* [Dataset entries]
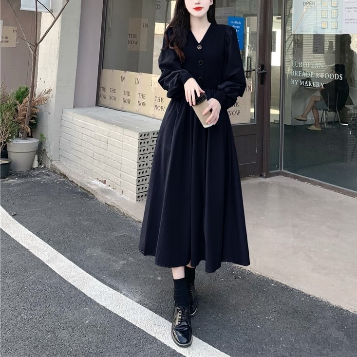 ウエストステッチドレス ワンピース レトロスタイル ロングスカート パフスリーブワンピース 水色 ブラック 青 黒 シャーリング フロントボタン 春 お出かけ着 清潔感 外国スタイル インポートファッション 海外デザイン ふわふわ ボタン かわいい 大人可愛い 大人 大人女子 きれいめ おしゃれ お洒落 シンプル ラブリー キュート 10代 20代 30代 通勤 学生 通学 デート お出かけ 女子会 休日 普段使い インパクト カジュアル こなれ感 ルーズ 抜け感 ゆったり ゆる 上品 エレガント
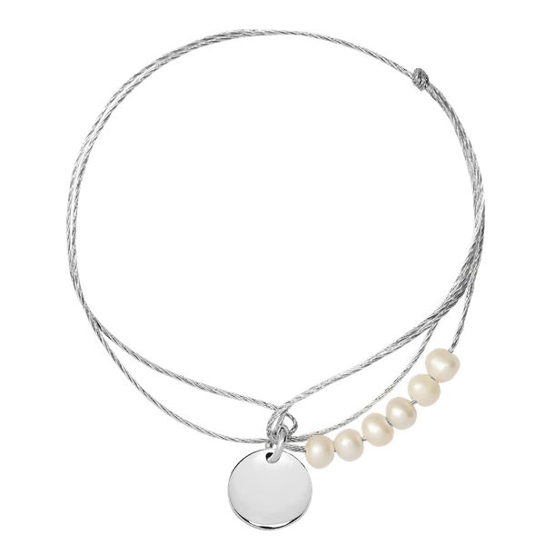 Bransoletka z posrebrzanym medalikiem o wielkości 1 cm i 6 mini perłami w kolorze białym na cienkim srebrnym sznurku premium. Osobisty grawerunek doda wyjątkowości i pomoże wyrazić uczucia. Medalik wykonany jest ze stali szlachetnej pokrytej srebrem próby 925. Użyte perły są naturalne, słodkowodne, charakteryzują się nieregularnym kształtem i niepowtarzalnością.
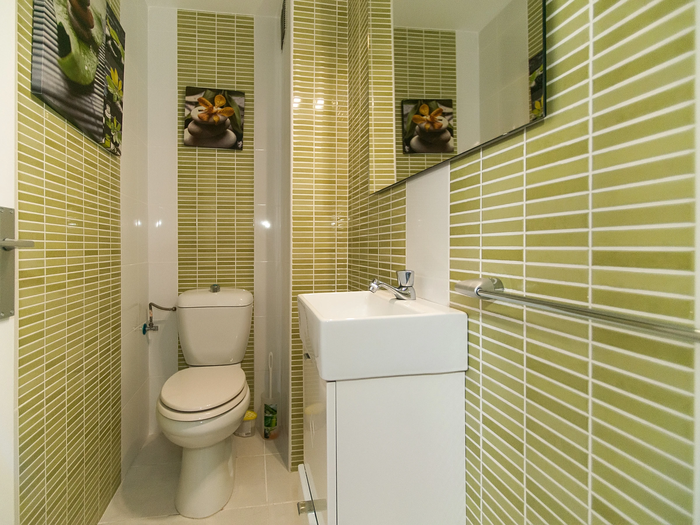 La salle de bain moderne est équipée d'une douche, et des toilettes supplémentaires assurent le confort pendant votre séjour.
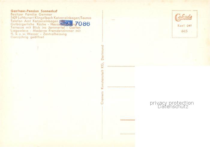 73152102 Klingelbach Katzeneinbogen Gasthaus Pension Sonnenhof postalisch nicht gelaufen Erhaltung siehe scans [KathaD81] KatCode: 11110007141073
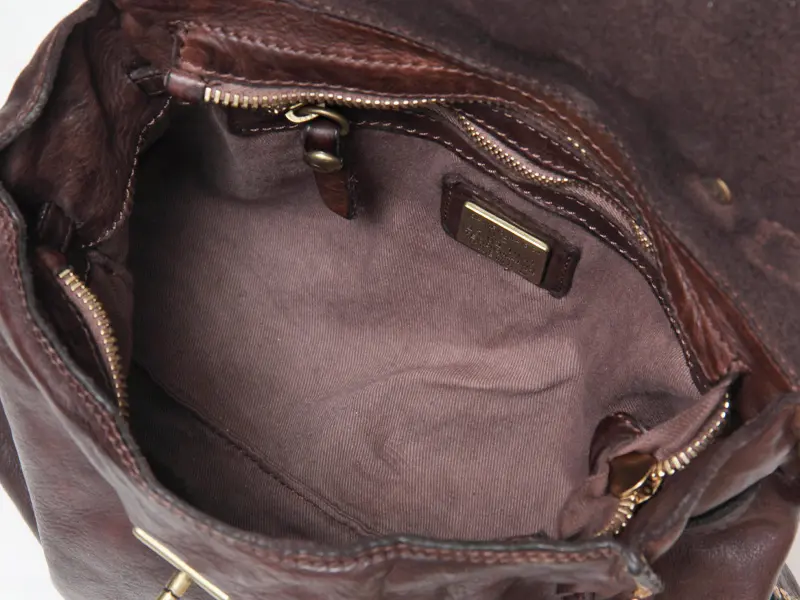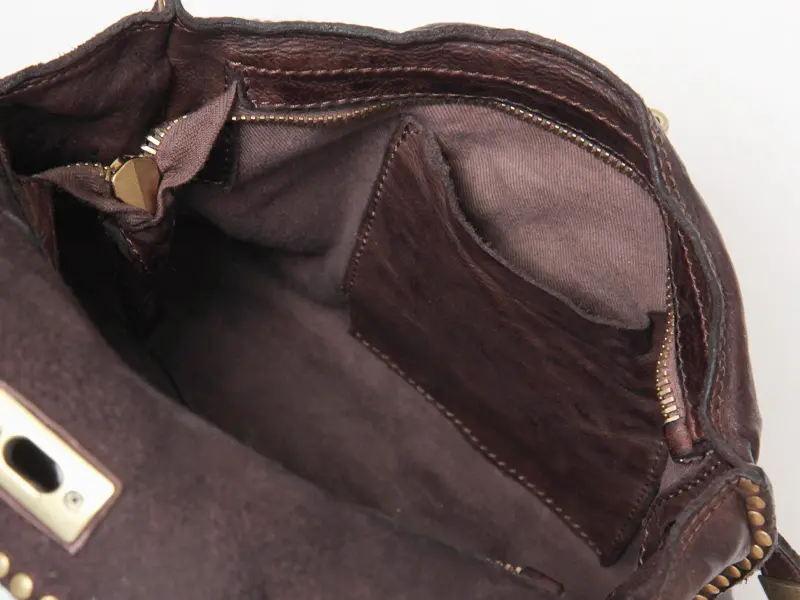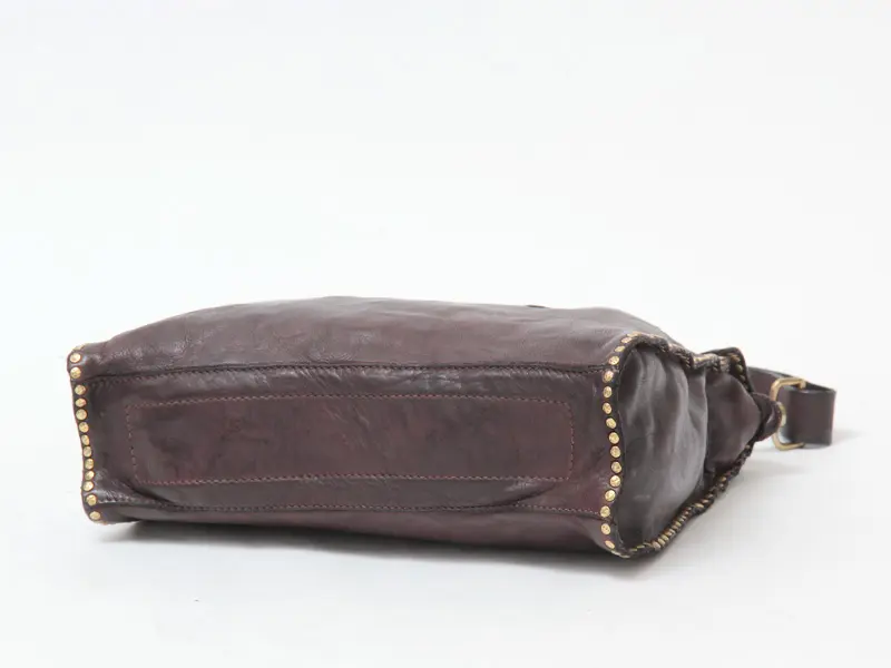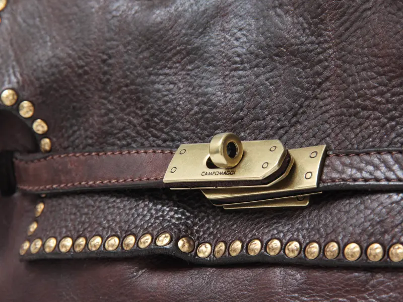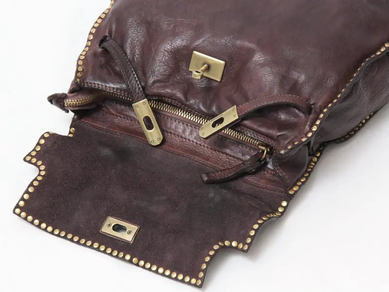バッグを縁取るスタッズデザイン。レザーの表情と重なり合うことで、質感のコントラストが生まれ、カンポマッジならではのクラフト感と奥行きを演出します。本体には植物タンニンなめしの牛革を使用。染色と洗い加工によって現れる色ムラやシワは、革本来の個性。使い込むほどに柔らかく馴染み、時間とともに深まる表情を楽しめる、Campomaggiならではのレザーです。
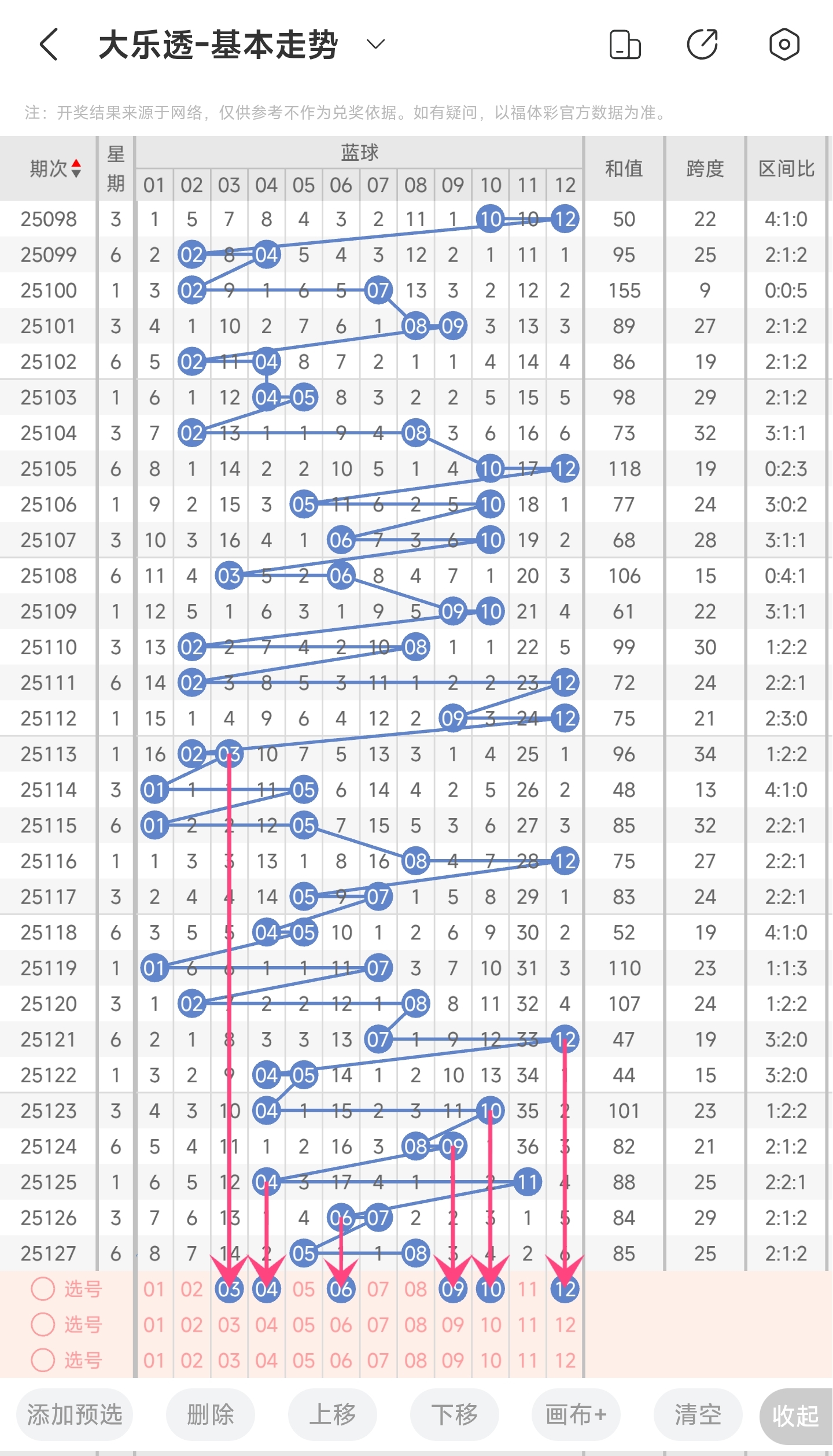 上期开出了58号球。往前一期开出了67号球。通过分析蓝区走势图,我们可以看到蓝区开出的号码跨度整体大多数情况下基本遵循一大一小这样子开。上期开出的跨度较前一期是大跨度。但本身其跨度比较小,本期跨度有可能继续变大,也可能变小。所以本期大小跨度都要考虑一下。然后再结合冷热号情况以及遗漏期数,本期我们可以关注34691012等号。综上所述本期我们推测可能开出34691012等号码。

* [Exercise brief] The response is to contain exactly the lines from the beginning of the data through the line containing "バッグを縁取るスタッズデザイ", both ends included, and nothing else; omit the pictures.

* [Output for this exercise]
 ウエストステッチドレス ワンピース レトロスタイル ロングスカート パフスリーブワンピース 水色 ブラック 青 黒 シャーリング フロントボタン 春 お出かけ着 清潔感 外国スタイル インポートファッション 海外デザイン ふわふわ ボタン かわいい 大人可愛い 大人 大人女子 きれいめ おしゃれ お洒落 シンプル ラブリー キュート 10代 20代 30代 通勤 学生 通学 デート お出かけ 女子会 休日 普段使い インパクト カジュアル こなれ感 ルーズ 抜け感 ゆったり ゆる 上品 エレガント
 Bransoletka z posrebrzanym medalikiem o wielkości 1 cm i 6 mini perłami w kolorze białym na cienkim srebrnym sznurku premium. Osobisty grawerunek doda wyjątkowości i pomoże wyrazić uczucia. Medalik wykonany jest ze stali szlachetnej pokrytej srebrem próby 925. Użyte perły są naturalne, słodkowodne, charakteryzują się nieregularnym kształtem i niepowtarzalnością.
 La salle de bain moderne est équipée d'une douche, et des toilettes supplémentaires assurent le confort pendant votre séjour.
 73152102 Klingelbach Katzeneinbogen Gasthaus Pension Sonnenhof postalisch nicht gelaufen Erhaltung siehe scans [KathaD81] KatCode: 11110007141073
バッグを縁取るスタッズデザイン。レザーの表情と重なり合うことで、質感のコントラストが生まれ、カンポマッジならではのクラフト感と奥行きを演出します。本体には植物タンニンなめしの牛革を使用。染色と洗い加工によって現れる色ムラやシワは、革本来の個性。使い込むほどに柔らかく馴染み、時間とともに深まる表情を楽しめる、Campomaggiならではのレザーです。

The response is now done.